If you or anyone does not believe the information in a submission then you will act accordingly to that information. But it is not in the friendly spirit of this forum to accuse someone of lying since it is very difficult for anyone to have all the facts in this type of communication system.

I think you owe Tech/a an apology for questioning his honesty and integrity irrespective of the fact that what you said is "how you see it".

Lets stop putting each other down and instead enjoy each others contributions.

Tech/a

I don't think you need to show proof of anything - this forum knows your "fairdinkum".


Cheers

Dutchie


----------



## bullmarket (17 May 2006)

*Re: Short term discretionary trades---Real time examples*

hi dutchie 

I do not owe anybody an apology because I, like everyone else, am 100% entitled to post about anything that looks suss.

If you look back at my post you will see that I actually wished tech/a good luck with his trade if in fact he did by some shares....he may or may not have but that is irrelevent to me 

All I said was that the course of sales from commsec do not support the time and price that tech/a claimed to have bought them at....nothing more, nothing less......and I, again like everyone else, am under no obligation at all to blindly believe anything that is said in chatrooms.

cheers

bullmarket


----------



## Sean K (17 May 2006)

*Re: Short term discretionary trades---Real time examples*

Spot on Dutchie.


----------



## Bobby (17 May 2006)

*Re: Short term discretionary trades---Real time examples*

Well said dutchie,

Gee's bull WHY did'nt you ask Tech by private post first ?   

You now will Reap what you sowed from this mate.  

Bob.


----------



## bullmarket (17 May 2006)

*Re: Short term discretionary trades---Real time examples*

but I'll make a deal with you dutchie 

if you can post any verifiable information that proves anything I actually said in my original post is wrong in any way then I will apologise and take it up with commsec.

cheers

bullmarket


----------



## GreatPig (17 May 2006)

*Re: Short term discretionary trades---Real time examples*

Hey Tech,

You really got a broker called Keith?
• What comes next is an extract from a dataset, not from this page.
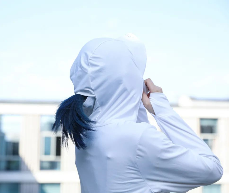 由于采用了全身冷凝鈦涼感面料,實際穿在身上站在太陽底下,能地感覺到一股涼意,給炎熱的夏天降降溫。
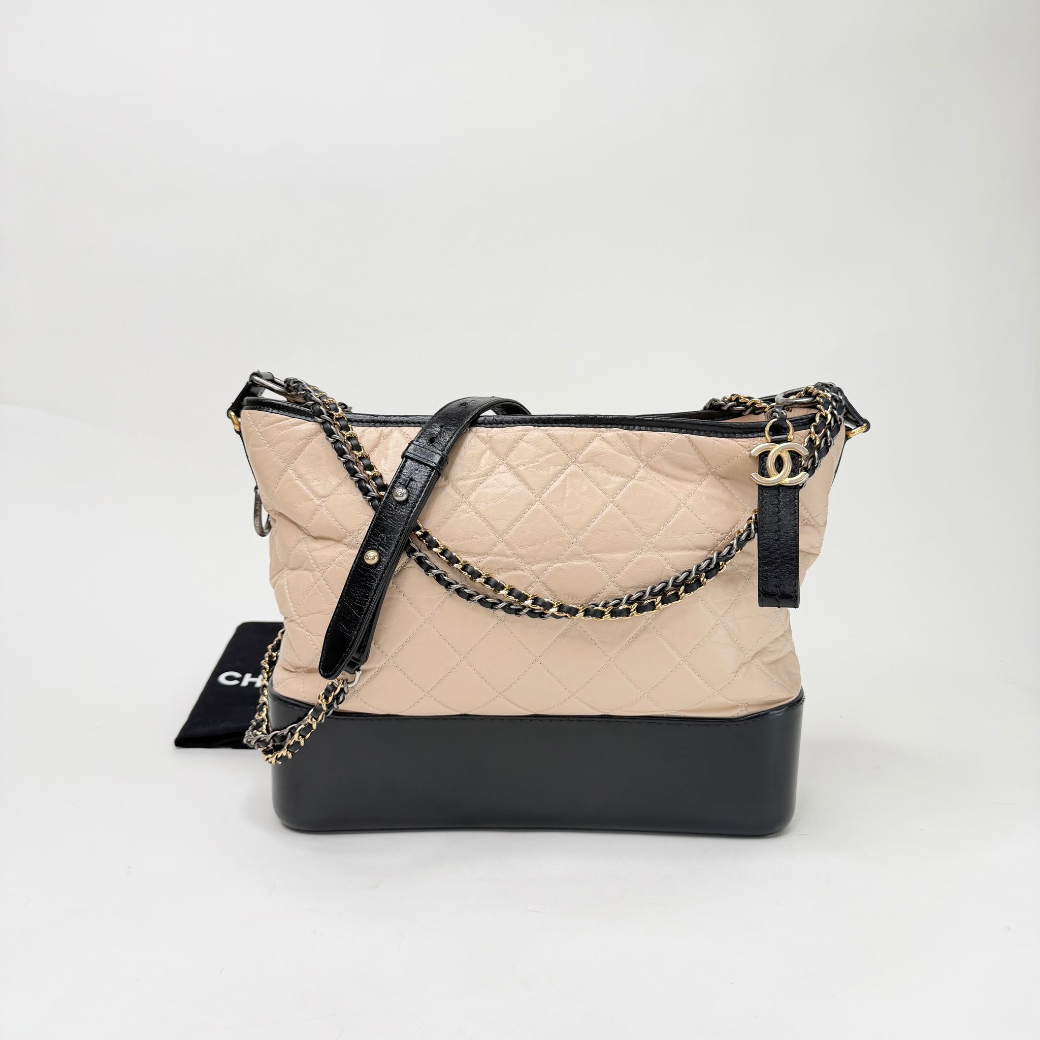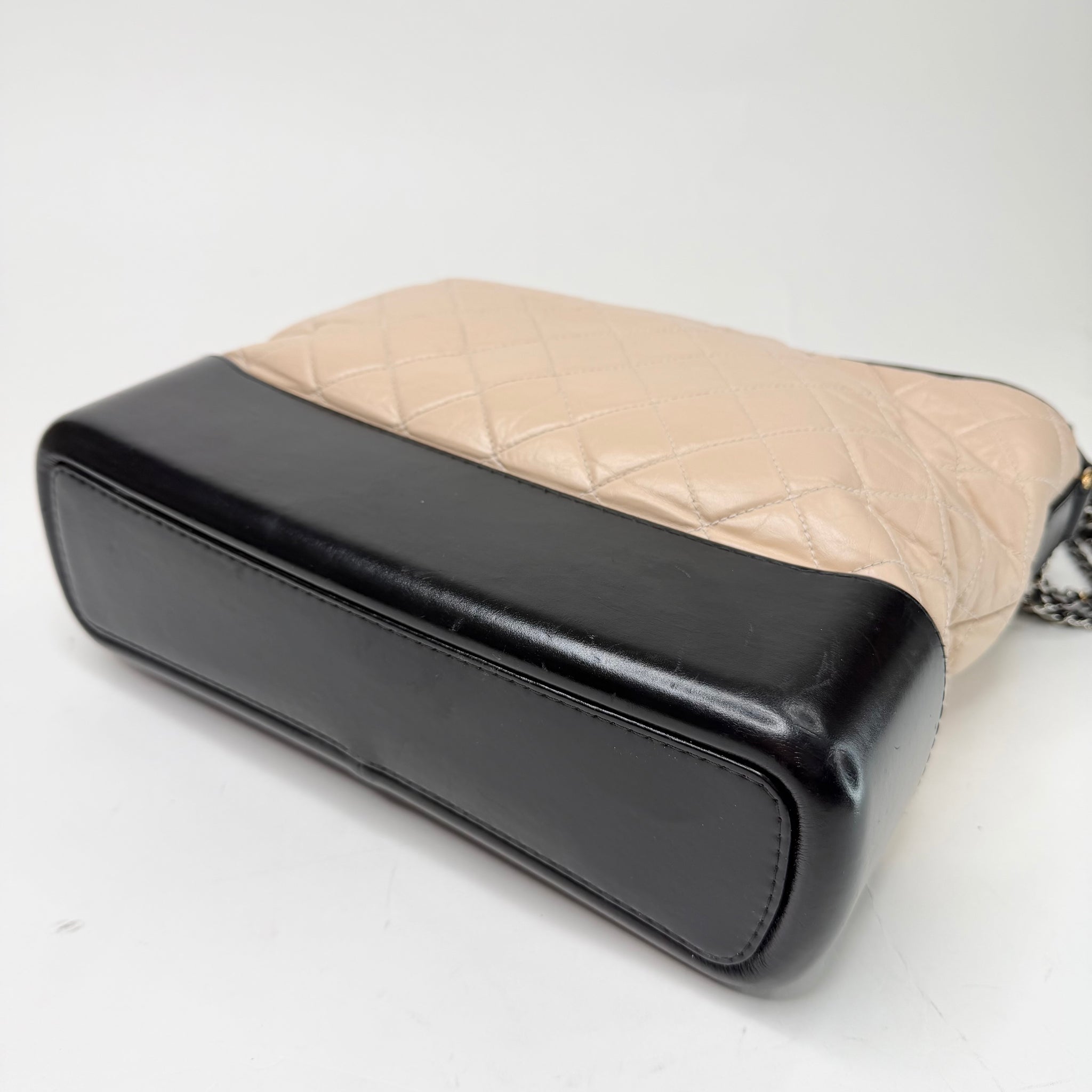 CHANEL GABRIELLE LARGE CRM & BLK LEATHER HOBO BAG

Can you also get him to fax his birth certificate, resume, and a few references just so that we can be sure you're not BS'ing? 

More seriously, don't you use an online broker?

Cheers,
GP


----------



## Bobby (17 May 2006)

*Re: Short term discretionary trades---Real time examples*



			
				bullmarket said:
			
		

> but I'll make a deal with you dutchie
> 
> if you can post any verifiable information that proves anything I actually said in my original post is wrong in any way then I will apologise and take it up with commsec.
> 
> ...




Well bull get your spelling right   , Veritable .

  What was your Implication ? regarding Techs trade ?

Bob.


----------



## bullmarket (17 May 2006)

*Re: Short term discretionary trades---Real time examples*

Hi Bobby 



			
				Bobby said:
			
		

> Well bull get your spelling right   , Veritable .
> 
> What was your Implication ? regarding Techs trade ?
> 
> Bob.




I'm not sure what point you are trying to make 

'Verifiable' is the legitimate adjective form for the transitive verb 'verify' 

and so there is nothing wrong with its spelling.

Prison Break is about to start so I'll see you in the soup tomorrow if you would like to discuss spelling further 

cheers

bullmarket


----------



## David123 (17 May 2006)

*Re: Short term discretionary trades---Real time examples*

CUTITOUTTHELOTOFYOU.PEACE!!!!!!!


QBALL  Your Bored, go find sumtin else to do!!!



cheers


----------



## tech/a (17 May 2006)

*Re: Short term discretionary trades---Real time examples*

GP.

No,I should,I get ripped of with a full service broker.
I've traded Margin for years and hate discretionary trading.
However every now and then (just lately more now) trades come up that I cant resist so Ive taken them and paid rediculous brokerage.

Infact my broker has suggested that they will set up an e'trade account for me.Ive cut them back from 1% to .4 of a % which isnt bad now but thats only been the last month.

Now Bullmarket.
I dont care what name you give but whatever it is I will instruct my broker to verify that singular trade.
Infact *I insist * that this be verified by either You,Wayne,or Joe,preferably 2 people.

I dont give a toss who you are or say you are but I will vehemently defend my integrety,something you know very little about and *grossly underestimate*.

My runs are on the board,you havent even got a place in the team.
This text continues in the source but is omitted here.